Can the Y32 phosphorylation be reconstituted using kinase-inactive and phosphorylation site mutated proteins?

We measured the ability of different Src family members to induce degradation of kinase-dead LynA^T410K, which is not on its own degraded during 3-IB-PP1 treatment. LynA degradation can be specifically induced in trans by LynA, LynB, LynA^Y32A, and Hck⁵⁶ (the shorter isoform of Hck). In contrast, Fyn, Fgr, Hck⁵⁹, and Lck were unable to induce degradation of LynA. These data, presented in new Figure 7 and Figure 7—figure supplement 1-2, reveal SFK-specific regulation of LynA degradation, with LynA itself likely inducing its own degradation via Y32 autophosphorylation.

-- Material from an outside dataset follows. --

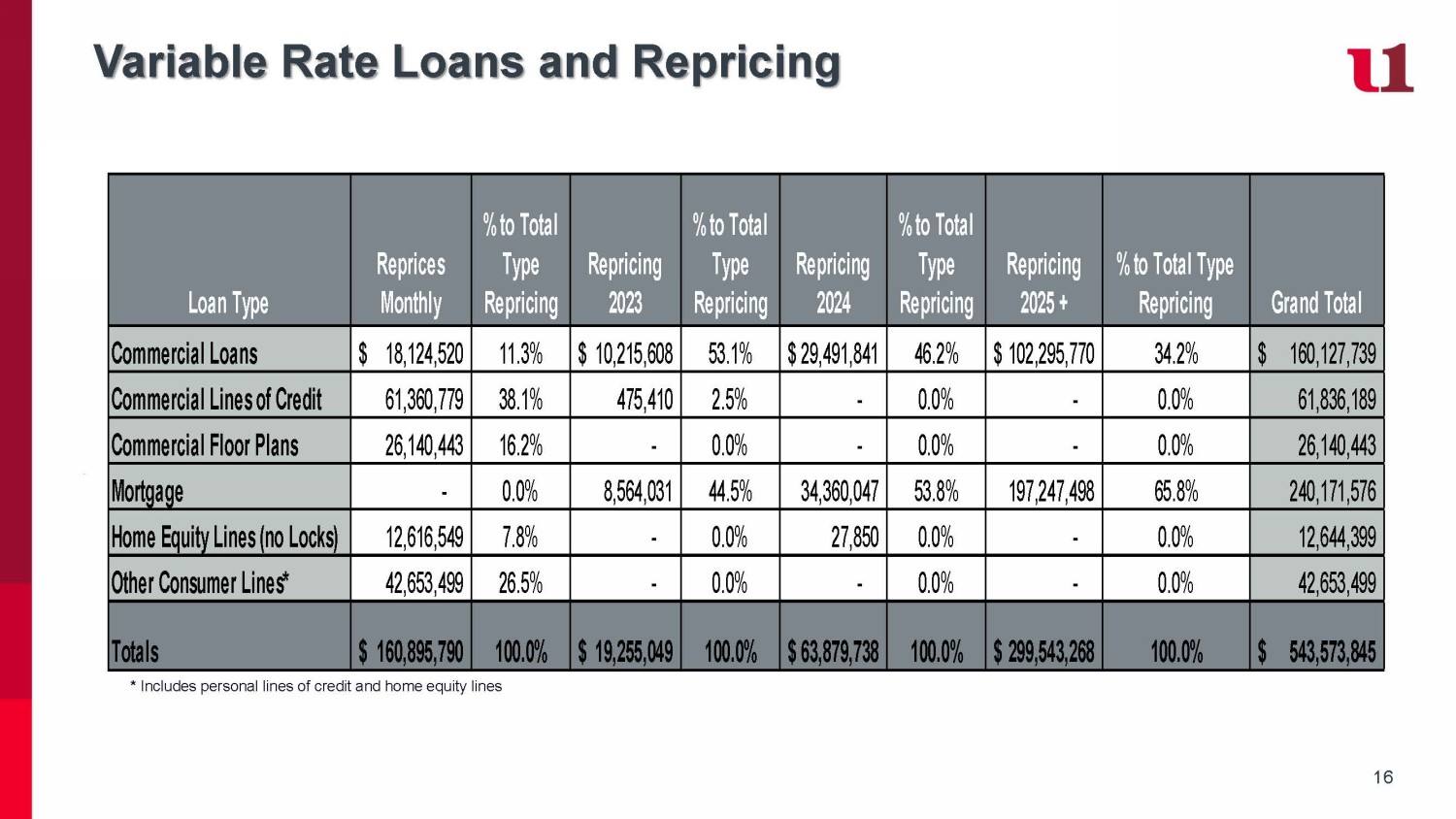 ** There are no major/big box retail tenants. OFFICE* Geography Note Book Balance Number of loans Avg Loan Balance Note Book Balance Number of loans Avg Loan Balance Note Book Balance Number of loans Avg Loan Balance Central 7,643,430$ 27 283,090$ 8,162,640$ 10 816,264$ 15,806,070$ 37 427,191$ East 9,494,557$ 16 593,410$ 24,449,614$ 10 2,444,961$ 33,944,171$ 26 1,305,545$ OOM 89,787$ 1 89,787$ 767,065$ 1 767,065$ 856,852$ 2 428,426$ West 7,528,443$ 15 501,896$ 47,673,847$ 18 2,648,547$ 55,202,290$ 33 1,672,797$ Grand Total 24,756,217$ 59 419,597$ 81,053,166$ 39 2,078,286$ 105,809,383$ 98 1,079,688$ % of Gross Loans 1.79% 5.87% 7.67% % of CRE 5.04% 16.50% 21.54% RETAIL** Geography Note Book Balance Number of loans Avg Loan Balance Note Book Balance Number of loans Avg Loan Balance Note Book Balance Number of loans Avg Loan Balance Central 9,121,482$ 19 480,078$ 678,182$ 6 113,030$ 9,799,664$ 25 148,763$ East 9,937,540$ 13 764,426$ 41,323,002$ 8 5,165,375$ 51,260,542$ 21 2,511,626$ OOM 2,874,638$ 2 1,437,319$ 15,973,066$ 4 3,993,267$ 18,847,704$ 6 3,651,356$ West 2,769,129$ 6 461,522$ 13,464,557$ 10 1,346,456$ 16,233,686$ 16 1,145,259$ Grand Total 24,702,789$ 40 617,570$ 71,438,807$ 28 2,551,386$ 96,141,596$ 68 1,413,847$ % of Gross Loans 1.79% 5.18% 6.97% % of CRE 5.03% 14.54% 19.57% CRE - Owner Occupied CRE - Non-Owner Occupied Total CRE - Owner Occupied CRE - Non-Owner Occupied Total 16 Variable Rate Loans and Repricing * Includes personal lines of credit and home equity lines Loan Type Reprices Monthly % to Total Type Repricing Repricing 2023 % to Total Type Repricing Repricing 2024 % to Total Type Repricing Repricing 2025 + % to Total Type Repricing Grand Total Commercial Loans 18,124,520$ 11.3% 10,215,608$ 53.1% 29,491,841$ 46.2% 102,295,770$ 34.2% 160,127,739$ Commercial Lines of Credit 61,360,779 38.1% 475,410 2.5% - 0.0% - 0.0% 61,836,189 Commercial Floor Plans 26,140,443 16.2% - 0.0% - 0.0% - 0.0% 26,140,443 Mortgage - 0.0% 8,564,031 44.5% 34,360,047 53.8% 197,247,498 65.8% 240,171,576 Home Equity Lines (no Locks) 12,616,549 7.8% - 0.0% 27,850 0.0% - 0.0% 12,644,399 Other Consumer Lines* 42,653,499 26.5% - 0.0% - 0.0% - 0.0% 42,653,499 Totals 160,895,790$ 100.0% 19,255,049$ 100.0% 63,879,738$ 100.0% 299,543,268$ 100.0% 543,573,845$

4) What happens in mast cells if c-CBL is expressed? Would it result in loss of resting LynA? Would that attenuate ERK activation?

We treated mast cells with small activating (sa)RNAs designed to increase transcription of c-Cbl mRNA. One of these constructs was found to increase c-Cbl expression an average of 2-fold, and we were able to detect an increase in LynA degradation and corresponding decrease in Syk and Erk phosphorylation in response to 3-IB-PP1 in c-Cbl overexpressing mast cells relative to mock-transfected cells (new panels, Figure 9G-J). With this modest increase in c-Cbl expression, steady-state expression of LynA was not significantly affected.